Над нами, воинственно рокоча, в небе пронёсся немецкий самолёт-разведчик. Летел он довольно низко, покрывая нас своей чёрной тенью, но тут же он унёсся вдаль, так же быстро, как и появился. Рёв мотора стальной птицы отдалялся всё дальше, плавно растворяясь в общем фоне далёких перестрелок и завываний ветра. Когда его уже почти не было слышно, я решился поднять голову и оглядеться. В роще всё было так же, как и за секунду до появления самолёта, относительно тихо и спокойно. Гришка всё ещё лежал на земле и его взгляд нервно скользил по небу.

Я не спеша поднялся с земли и отряхнул куртку.

- Кажись, пронесло, - испуганным шёпотом заметил Гришка. Выдохнув с облегчением, он поднялся с земли.

- Доставай камеру, мы почти на холме.

- Угу, - утвердительно кивнул Гришка, снял с плеча вещмешок и, вынув из него камеру, принялся крепить к ней ремень. После чего, мы не спеша двинулись дальше. Вскоре, оказавшись на окраине рощи, мы вскарабкались по крутому склону на заветный холм. Здесь обнаружилось, что на вершине стоял дот, бетонные осколки которого разлетелись от взрыва по всей поляне. Оглядев окрестности и убедившись, что тут нет никого, кто мог бы нам навредить, мы двинулись к его остаткам. Взрывы и выстрелы здесь были слышны куда лучше. При том, они звучали настолько чётко и внятно, что казалось, можно было разобрать каждую ноту этой гремящей, адской симфонии.

Впереди открывалась ужасающая картина: огромный город, буквально разрывался, рассыпался на части от этой кровавой бойни внутри себя. Он дымил, со всех сторон доносились автоматные очереди и далёкое эхо душераздирающих людских воплей, каждый из которых, отдавался болью в груди и оставлял на душе рваные раны, из которых, словно, сочилась чёрная желчь. К горлу подкатил ком, и душа устремилась в землю. Я, будто околдованный, наблюдал за этим зверством.
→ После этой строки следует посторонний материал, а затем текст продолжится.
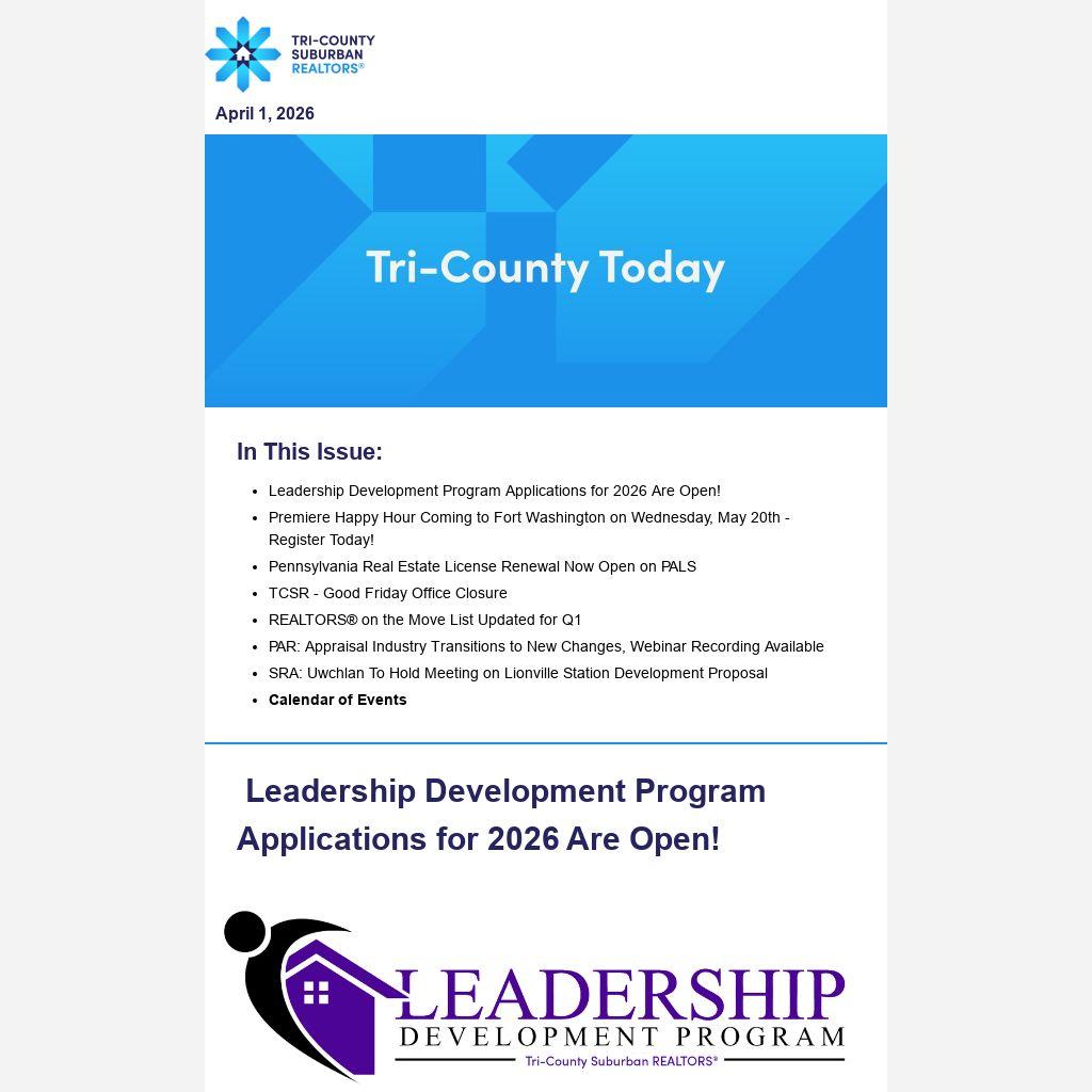 Tri-County Suburban REALTORS® is now accepting applications for the 2026 Leadership Development Program (LDP), an initiative designed to cultivate the next generation of real estate leaders. This immersive experience provides REALTOR® members with the tools, training, and confidence to take on influential roles within the industry and their community.
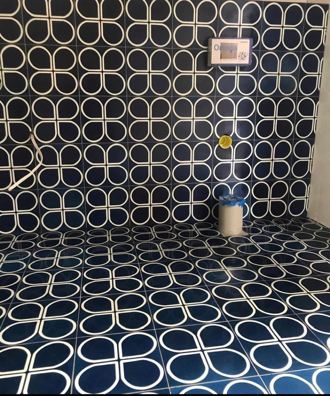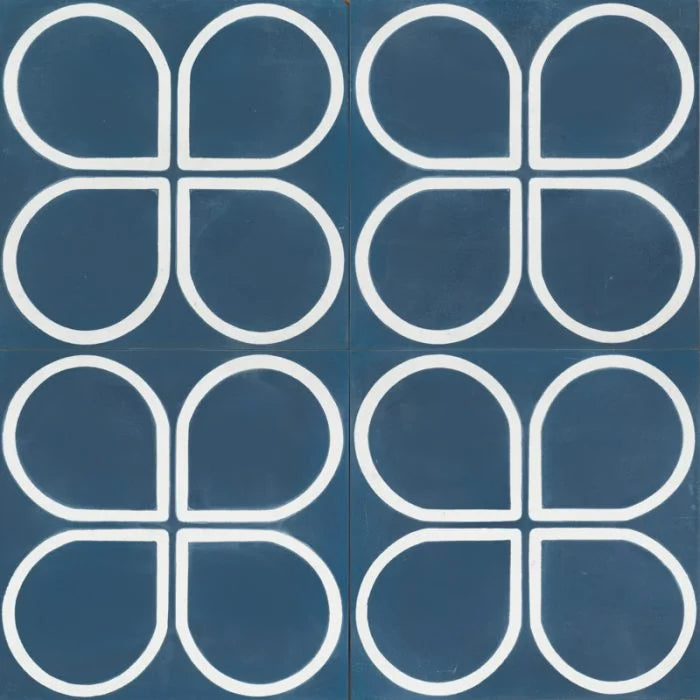 Blue Coco Tile. A deep smokey navy coloured tile with beautiful white petal shapes that turn into flowers. Blue Coco to compliment any interior
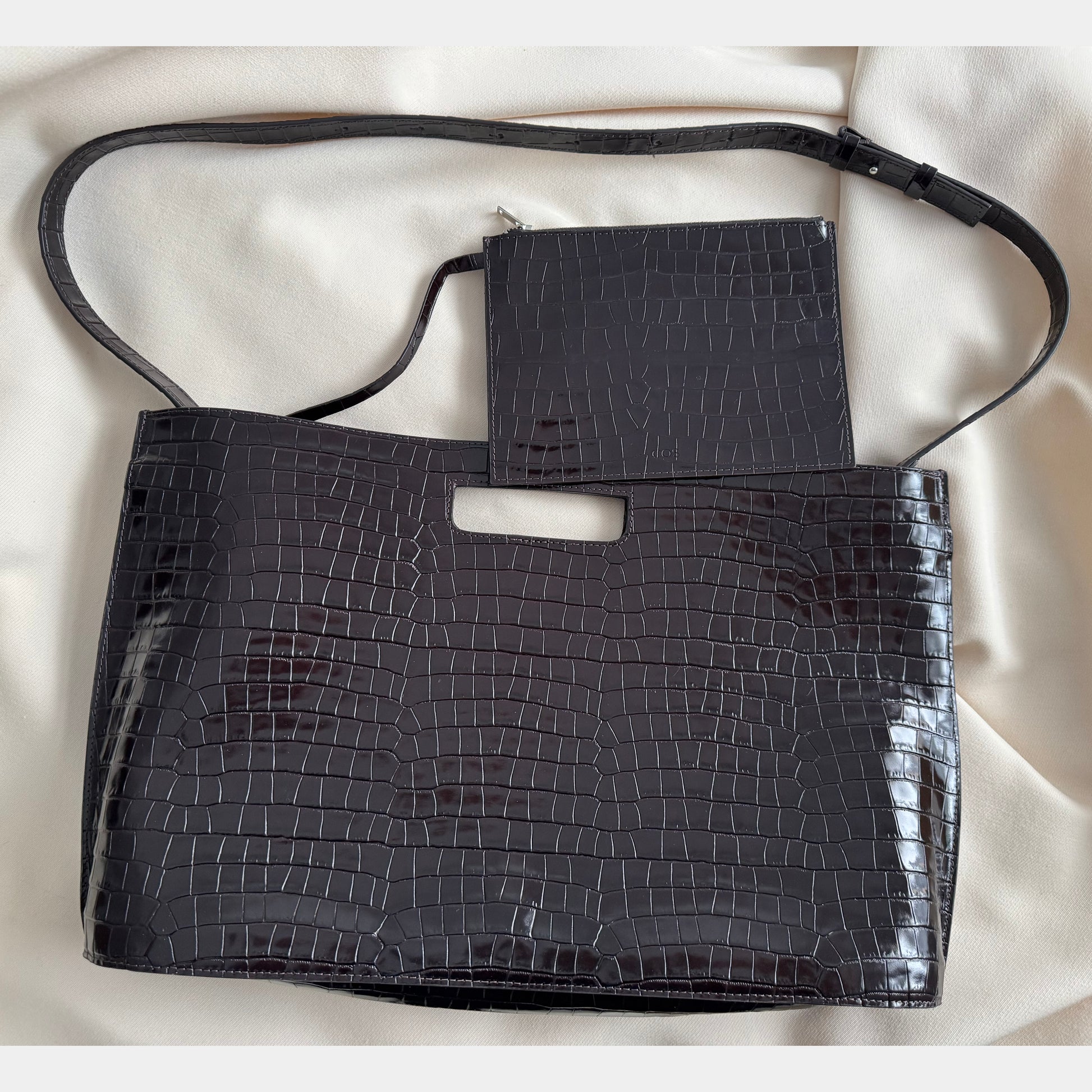 COS "Folio Oversized" Bag in Croc-Effect Leather in Brown. So sleek - and serves all kinds of needs - from work bag to drama day bag - and with the removable strap it becomes whatever you need it to be! Crafted from crocodile-effect leather, which has some structure to it, it holds it's shape: a slim silhouette with angular sides and an oval-shaped base. Style it across the body or carry it by the cutout handle. Height: 11.5 inches, Width: 19 inches, Depth: 4 inches. The strap length is 40 inches at the maximum, and 28 inches on the shortest. Shell and lining: 100% Leather. Excluding trims. Like new. Currently selling for $540CAD, and selling here for $235CAD!

Рвались гранаты. То и дело взлетали высоко в воздух миномётные снаряды и с угрожающим свистом устремлялись на землю. Небо резали самолёты, нещадно молотящие бомбами по всему живому на земле. И казалось, что порывы ветра доносят до нас тошнотворный запах разложения.

Гришка неторопливо подошёл к краю дота, к тому месту, где раньше была бойница и медленно, не отрывая взгляда от происходящего, присел на одно колено. Неспешно опустил вещмешок на землю, поднёс окуляр камеры к глазу и стал плавно поворачивать рычаг. Камера с тихим треском записывалана плёнку всё происходящее. Было видно, что руки его дрожали, а дыхание было частым и напряжённым. Тем не менее, он продолжал снимать, не взирая, на чудовищные картины, которые приходилось ему наблюдать в объектив кинокамеры. Пусть издалека. Пусть настоящий кошмар творился в том адском котле, коим стал не один, тысячи других городов по всему свету. И пусть мы не видели этой мясорубки изнутри, не были её непосредственными участниками, перед глазами уже невольно всплывали картины кровавой расправы одних людей над другими. Расправы жестокой, беспощадной и мерзкой в своей изощрённости. Перед внутренним взором всплывали сотни мёртвых солдат и их рыдающих матерей, престарелых отцов, и детей, что отцов своих никогда не увидят живыми.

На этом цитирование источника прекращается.